Andy Williams
- Born: Andrew David Williams 7 February 1981 (age 45) Swansea, Wales
- Height: 1.78 m (5 ft 10 in)
- Weight: 89 kg (14 st 0 lb)

Rugby union career
- Position: Scrum-half

Senior career
- Years: Team / Apps / (Points)
- 2000–2003: Bath Rugby / 26 / (10)
- 2003–2004: Ospreys / 34 / (15)
- 2004–2007: Bath Rugby / 53 / (10)
- 2007–2009: Newport Gwent Dragons / 20 / (10)
- 2009–2010: Moseley
- 2009–2010: Gloucester Rugby (loan) / 0 / (0)
- 2010–: Worcester Warriors / 0 / (0)

International career
- Years: Team / Apps / (Points)
- 2003–2007: Wales / 5 / (0)

= Andy Williams (rugby union) =

Wales international rugby union player

Andy Williams (born 7 February 1981, in Swansea), is a Welsh international rugby union player. A scrum half, he has attained 5 caps for the Wales national rugby union team.

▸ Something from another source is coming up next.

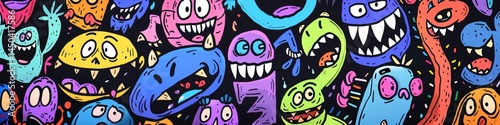 monster, cartoon, pattern, colourful, design, drawing, graphic, art, illustration, creature, cute, funny, happy, teeth, eye, mouth, vibrant, whimsical, character, fun, children, texture, background, digital, artwork, creative, abstract, monster, crazy, artistic, unique, playful, imagination, seamless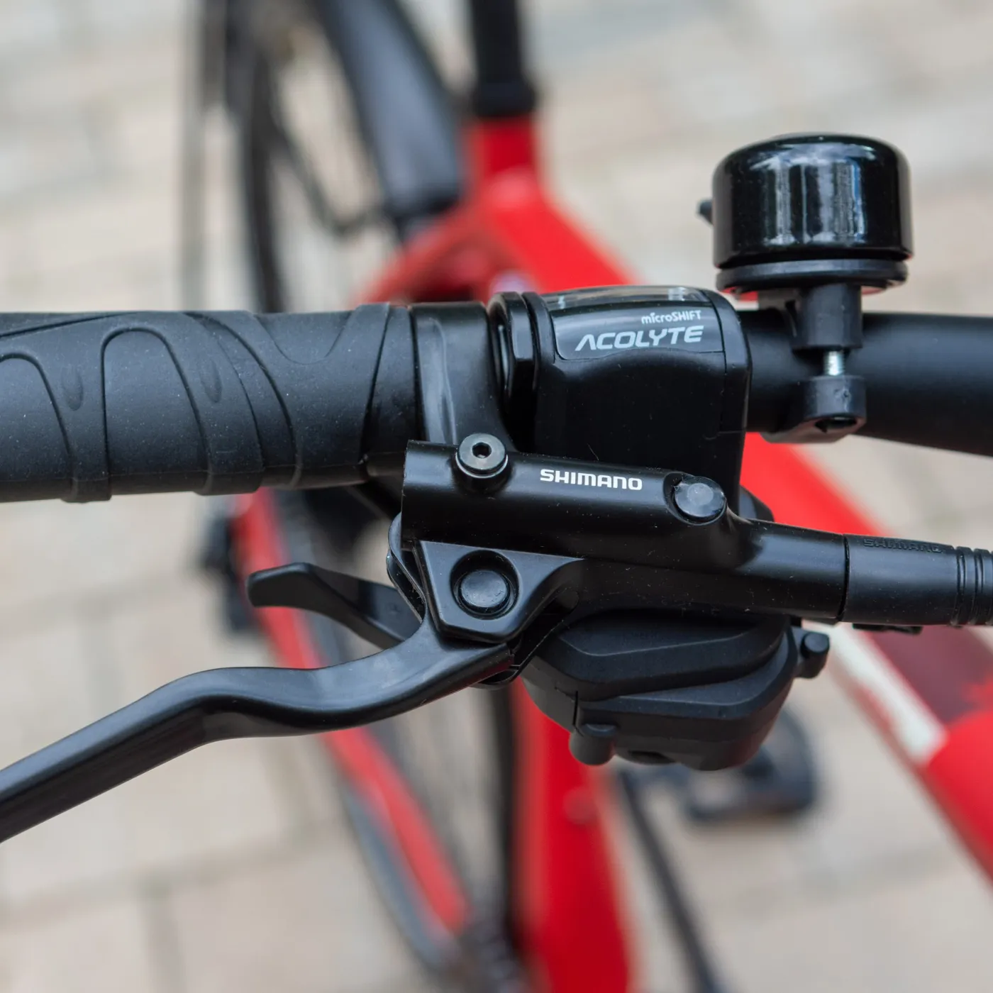 Elektryczny rower HEAD eUrban Neo został wyposażony w nowoczesną manetkę Rapidfire Acolyte, która umożliwia szybką i precyzyjną zmianę przełożeń bez konieczności odrywania dłoni od kierownicy.

At the beginning of the 2007–2008 season Williams joined the Welsh region Newport Gwent Dragons from Bath. He has also previously played for the Ospreys.

In January 2009, his contract with the Dragons was terminated. In September 2009, it was announced that he had joined English Championship side Moseley. Williams joined Gloucester 30 December 2009 in a short-term loan arrangement.

In June 2010, he signed for Worcester Warriors.